Handling-eenheid > de eenheid waarin medewerkers artikelen kunnen pakken en wegleggen.
Stock keeping unit (SKU) > dit is de eenheid waarin de aantallen geregistreerd staan in de
voorraadadministratie.
De factoren die van invloed zijn op de wijze van distributie zijn:
Afstand;
Soort afnemers;
Volume en gewicht van de goederen;
Soort en waarde van de goederen;
Aantal colli per transporteenheid;
Goederen zijn op te delen in:
Massa- of bulkgoed > aardgas, stikstof, ruwe olie, benzine, suikerbieten, aardappels, etc.
Stukgoed, general cargo > zakken, vaten, kisten, dozen, etc.

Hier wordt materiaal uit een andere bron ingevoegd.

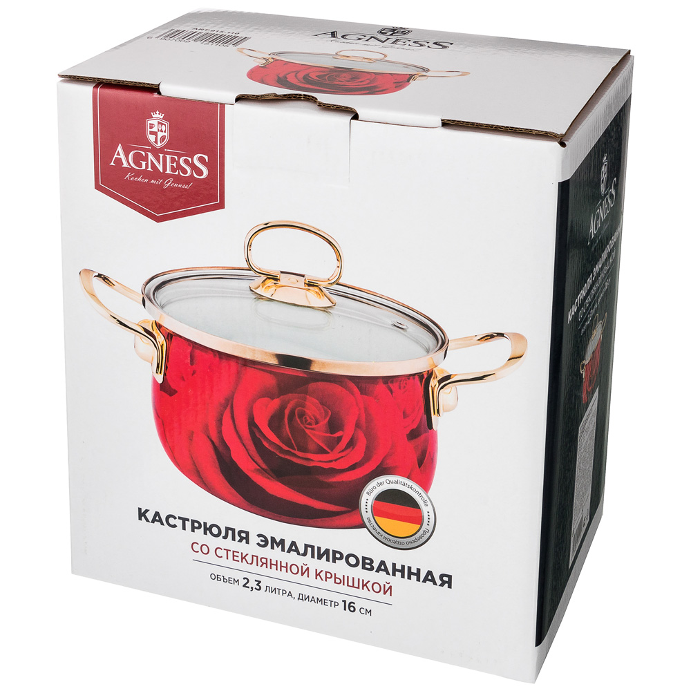 Кастрюля эмалированная Agness со стеклянной крышкой, 2,3л, диа. 16см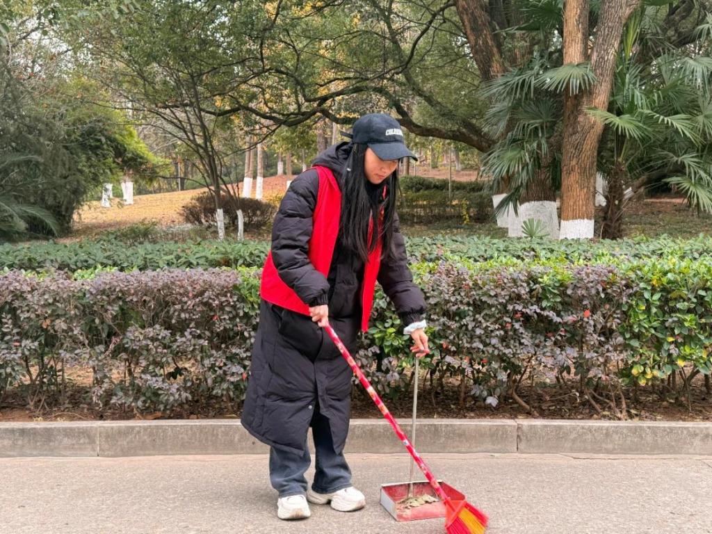 本次清扫行动精准聚焦校园卫生清洁薄弱点,覆盖校园主干道、文化广场、学院楼周边及公寓楼公共区域等多个重点场所,全力推进校园环境优化。在校园主干道,面对四散分布的落叶与枯枝,同学们分工协作、科学分拣归堆,同时细致清理砖缝内的纸屑与路沿石旁的积尘,让原本散落杂物的步道逐渐恢复洁净本色;文化广场上,志愿者们逐一擦拭宣传栏,仔细捡拾花坛边缘的烟头,整洁敞亮的场景赢得路过老师的驻足点赞;学院楼外,同学们高效分工、默契配合,仅用半小时便清理完绿植区堆积的落叶,让学院“门面”环境焕然一新;公寓楼周边,志愿者们不仅彻底清理了垃圾桶旁的污渍,更用消毒湿巾细致擦拭公共扶手与楼梯间小把手,全方位保障公共区域的整洁与卫生。

Goederen in transporteenheden > pallets, container;
Conditioneren omvat het beheersen van omgevingscondities, zoals licht, temperatuur, vochtgehalte
en atmosfeer om kwaliteitsvermindering te beperken.
De gassen waar je in de fysieke distributie mee te maken kunt krijgen, zijn meestal energiedrager of
grond- of hulpstof bij industriële processen. LPG is een verzamelnaam voor butaan (wordt gebruikt in
de chemische industrie) en propaan (particulier autogas, verwarming). LNG is vloeibaar aardgas en
bevat voornamelijk methaan (81%).
Stortgoed zijn producten in vaste vorm die als poeders, korrels, brokken of stukken onverpakt en
ongeordend, in grote massa worden vervoerd en opgeslagen, zoals delfstoffen, chemische producten
en landbouwproducten. Voor de transport en opslag zijn een aantal kenmerken van belang:
Stortgewicht, het gewicht per volume-eenheid in ton/m 3. Van belang voor het bepalen van
het opslagvolume per m2.
Storthoek, de hoek waarin het stortgoed blijft liggen, de hoek tussen de helling van de berg
en het horizontale vlak. Is afhankelijk van de onderlinge wrijving van de korrels. Van belang
vanwege de capaciteit van bandtransporteurs.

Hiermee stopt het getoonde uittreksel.